Plasma membrane enriched vesicles were isolated from 5 week old Col 0, pks5 1, j3 1, and j3 2 plants treated with or without 250 mM NaCl for 3 or 6 d, and the ATP hydrolytic and H transport activities of the H ATPase were measured. Assays in the presence of specific H ATPase inhibitors demonstrated that the vesicles were enriched in plasma membranes and that they were transport competent . Unless indicated, all PM H ATPase activity assays shown monitor the H transport activity of the H ATPase. Without NaCl treatment, there was no significant difference in PM H ATPase activity between Col 0 and the j3 mutants . After plants were treated with NaCl, PM H ATPase activity increased significantly in all plants. However, the increase in activity was significantly lower in the vesicles isolated from j3 mutant plants compared with activity in Col 0 . Consistent with previous results , PM H ATPase activity in pks5 1 mutant plants was higher than activity in Col 0 . When we increased the time of treatment to 6 d, PM H ATPase activity increased further relative to activity after the 3 d treatment. The increase in Col 0 was 44%, but only 11% in pks5 1, 14% in j3 1, and 19% in j3 2 mutants .
These results suggest that loss of either PKS5 or J3 in Arabidopsis alters regulation of PM H ATPase activity during salt stress. The difference in PM H ATPase activity between Col 0 and j3 increased to 32% and 31% after 6 d of treatment compared with 14% and 16% after 3 d of treatment. Consistent with what we have shown previously, the pH optimum for PM H ATPase activity in pks5 Sorafenib PDGFR inhibitor selleck chemicals 1 shifted from 6.5 to 7.0, while for j3 mutants, the optimum stayed at 6.5, the same as for Col 0, but with lower activity . Addition of recombinant PKS5 protein to plasma membrane vesicles isolated from the pks5 1 mutant rescuedPMH ATPase activity to Col 0 levels . To determine if addition of J3 protein in the assay also affects PM H ATPase activity, the J3 coding region was cloned into the pGEX 6p 1 vector to generate a translational fusion to glutathione S transferase . The resulting plasmid was transferred into E. coli BL21 , and the J3 protein was purified and added to PM H ATPase assays.

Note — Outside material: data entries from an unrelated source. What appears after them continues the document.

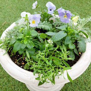 植え付けから1か月経過したビオラ寄せ植えです。 天使の誘惑は咲き始めが黄色ですが、だんだんと紫へ花色が変わっていくため綺麗です。(写真2枚目から4枚目へ) 水色のビオラも花数が増えました。シルバーレースとアリッサムもボリュームが出てきました‼︎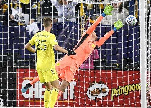 Nashville SC goalkeeper Joe Willis, right, cannot reach a goal by Atlanta United midfielder Emerson Hyndman (not shown) during the first half of an MLS soccer game in Nashville, Tenn., Saturday, Feb. 29, 2020. Nashville defender Walker Zimmerman (25) looks on. (Andrew Nelles/The Tennessean via AP) The Associated Press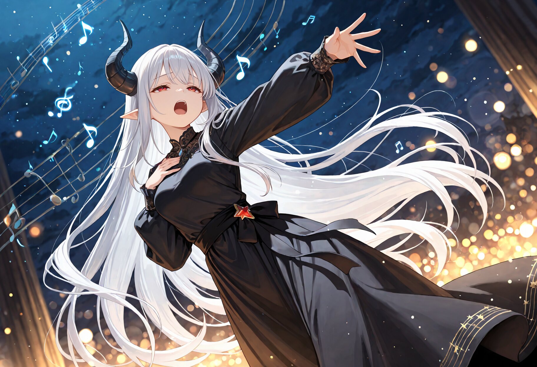 masterpiece,best quality,highres,ultra detailed,highly detailed,8k,general,1girl,solo,17yo,cute,thick arms,(black dragon horns,demon horns,silver hair, very long hair,bangs, red eyes),slender,long sleeves that cover wrists,medium breasts,dragon girl,dragon ears,pointy ears,sad,half-closed eyes,open mouth,screaming,(princess dress,very long dress,black dress,black sash),slender girl,wind,spread arm,hand on chest,looking up,musical note,bokeh,light particles,fantasy,dutch angle,night,star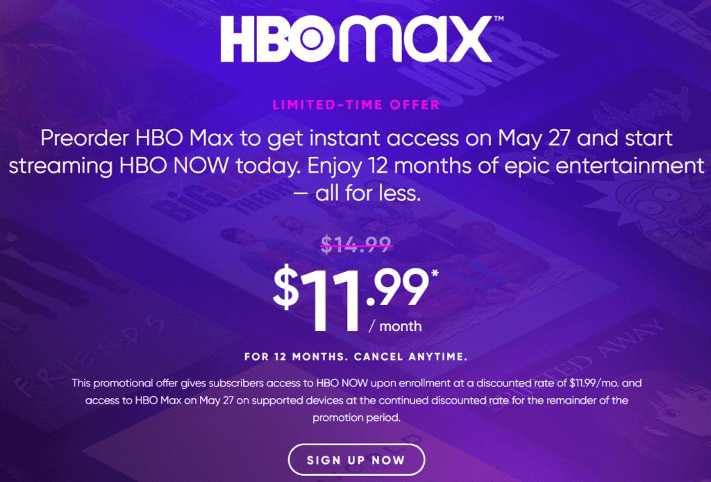 - Between April 30 at 9:00 pm ET and May 27 at 2:59 am ET, a limited number of subscriptions to this HBO NOW/HBO Max promotional offer are available at a discounted price of $11.99/mo.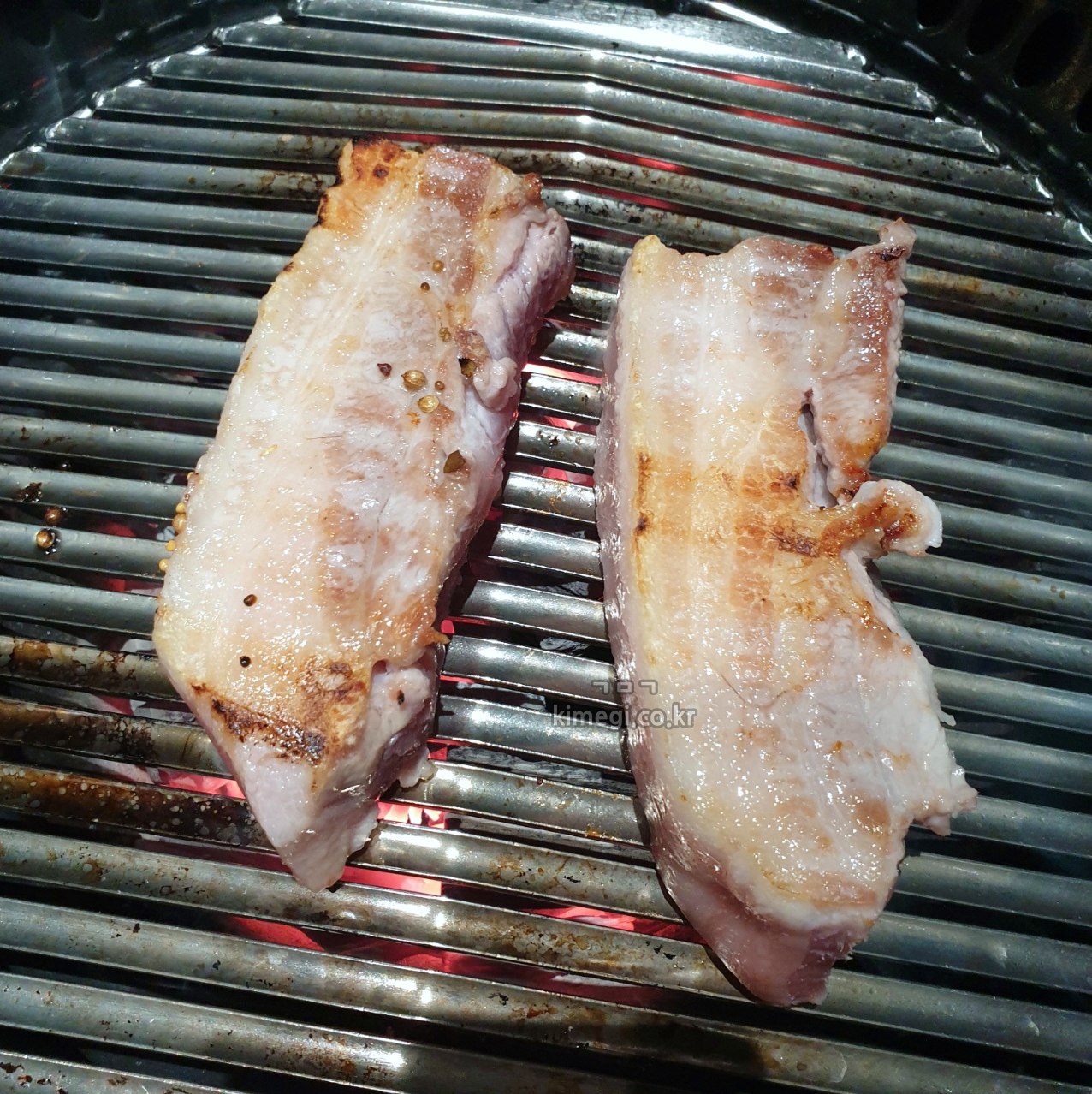 두께도 있고 뼈도 붙어 있지만 직원분이 구워주시니까 좋습니다. 두툼해서 굽는데 시간이 조금 걸렸어요.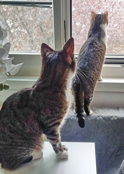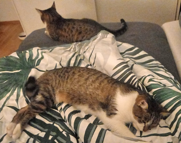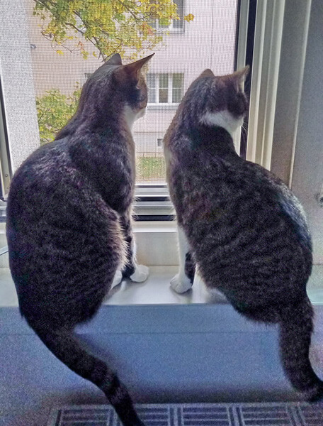 Jetzt gerade liegen beide im Wohnzimmer, sie auf der Fensterbank und er am Kratzbaum, beide schlafen :)

In the presence of 250 ng mL J3, PM H ATPase activity increased in vesicles isolated from Col 0 and the j3 mutant . As a control, GST or boiled J3 protein was added to assays and did not have any effect on PM H ATPase activity . When we monitored the level ofPMH ATPase protein in response to NaCl treatment with immunoblot analysis using PM H ATPase antibodies, we did not observe Quercetin significant differences in protein levels among Col 0, pks5 1, j3 1, and j3 2 plants . Addition of J3 protein to membranes isolated from pks5 1 had no significant effect on activity . These data indicate that J3 is a novel regulator of PM H ATPase activity and that this regulation likely takes place via mediation of PKS5 activity.